*TASK TO COMPLETE:*
Scan the records below for the line containing "まちだ縄文キャラクター「まっ" and the line containing "To enable OAuth". Copy both, plus every line between, exactly.

*DATASET CONTENT:*
------------------------------------------------------------------------
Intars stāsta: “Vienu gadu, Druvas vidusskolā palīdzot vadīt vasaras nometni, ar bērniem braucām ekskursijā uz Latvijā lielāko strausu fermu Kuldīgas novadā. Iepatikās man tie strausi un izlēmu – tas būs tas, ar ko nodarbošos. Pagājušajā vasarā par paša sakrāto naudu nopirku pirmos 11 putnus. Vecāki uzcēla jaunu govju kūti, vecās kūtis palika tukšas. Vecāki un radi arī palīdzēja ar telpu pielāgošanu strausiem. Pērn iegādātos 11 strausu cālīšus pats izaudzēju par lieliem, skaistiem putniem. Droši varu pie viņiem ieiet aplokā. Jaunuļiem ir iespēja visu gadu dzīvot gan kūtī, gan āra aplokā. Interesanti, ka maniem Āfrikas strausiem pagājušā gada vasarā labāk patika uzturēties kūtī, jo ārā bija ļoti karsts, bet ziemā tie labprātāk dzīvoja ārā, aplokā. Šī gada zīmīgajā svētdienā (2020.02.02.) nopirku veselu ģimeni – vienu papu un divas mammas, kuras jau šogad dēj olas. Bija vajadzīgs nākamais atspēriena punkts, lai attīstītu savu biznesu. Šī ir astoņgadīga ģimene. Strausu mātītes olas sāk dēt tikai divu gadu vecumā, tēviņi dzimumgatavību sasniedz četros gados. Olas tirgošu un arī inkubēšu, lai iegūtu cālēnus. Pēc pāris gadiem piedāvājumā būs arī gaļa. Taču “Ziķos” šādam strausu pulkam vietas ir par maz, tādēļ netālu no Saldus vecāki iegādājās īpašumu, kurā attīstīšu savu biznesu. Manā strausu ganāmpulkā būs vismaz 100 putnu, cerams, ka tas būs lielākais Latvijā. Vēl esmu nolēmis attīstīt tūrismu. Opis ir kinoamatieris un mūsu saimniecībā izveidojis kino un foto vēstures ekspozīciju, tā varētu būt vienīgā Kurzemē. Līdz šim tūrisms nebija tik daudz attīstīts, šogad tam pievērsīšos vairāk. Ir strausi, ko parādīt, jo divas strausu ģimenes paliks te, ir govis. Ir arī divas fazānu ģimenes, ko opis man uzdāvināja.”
------------------------------------------------------------------------
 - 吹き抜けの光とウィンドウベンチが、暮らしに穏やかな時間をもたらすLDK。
------------------------------------------------------------------------
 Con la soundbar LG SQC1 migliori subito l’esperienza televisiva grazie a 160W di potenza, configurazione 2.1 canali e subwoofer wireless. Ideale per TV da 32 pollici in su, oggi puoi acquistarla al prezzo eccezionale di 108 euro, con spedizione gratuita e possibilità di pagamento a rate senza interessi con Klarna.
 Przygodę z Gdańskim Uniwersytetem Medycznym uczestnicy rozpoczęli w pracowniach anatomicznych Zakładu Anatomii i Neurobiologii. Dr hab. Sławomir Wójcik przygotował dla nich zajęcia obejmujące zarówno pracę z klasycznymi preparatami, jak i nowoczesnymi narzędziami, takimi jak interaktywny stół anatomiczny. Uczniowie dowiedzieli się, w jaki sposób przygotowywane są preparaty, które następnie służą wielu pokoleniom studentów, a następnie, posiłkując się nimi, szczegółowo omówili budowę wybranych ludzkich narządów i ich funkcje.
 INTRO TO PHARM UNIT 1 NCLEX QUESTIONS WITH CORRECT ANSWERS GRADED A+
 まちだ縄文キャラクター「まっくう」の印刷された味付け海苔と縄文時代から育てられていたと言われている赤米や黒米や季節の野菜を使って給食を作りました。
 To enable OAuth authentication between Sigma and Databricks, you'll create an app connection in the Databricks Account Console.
------------------------------------------------------------------------
*WRITTEN ANSWER:*
 まちだ縄文キャラクター「まっくう」の印刷された味付け海苔と縄文時代から育てられていたと言われている赤米や黒米や季節の野菜を使って給食を作りました。
 To enable OAuth authentication between Sigma and Databricks, you'll create an app connection in the Databricks Account Console.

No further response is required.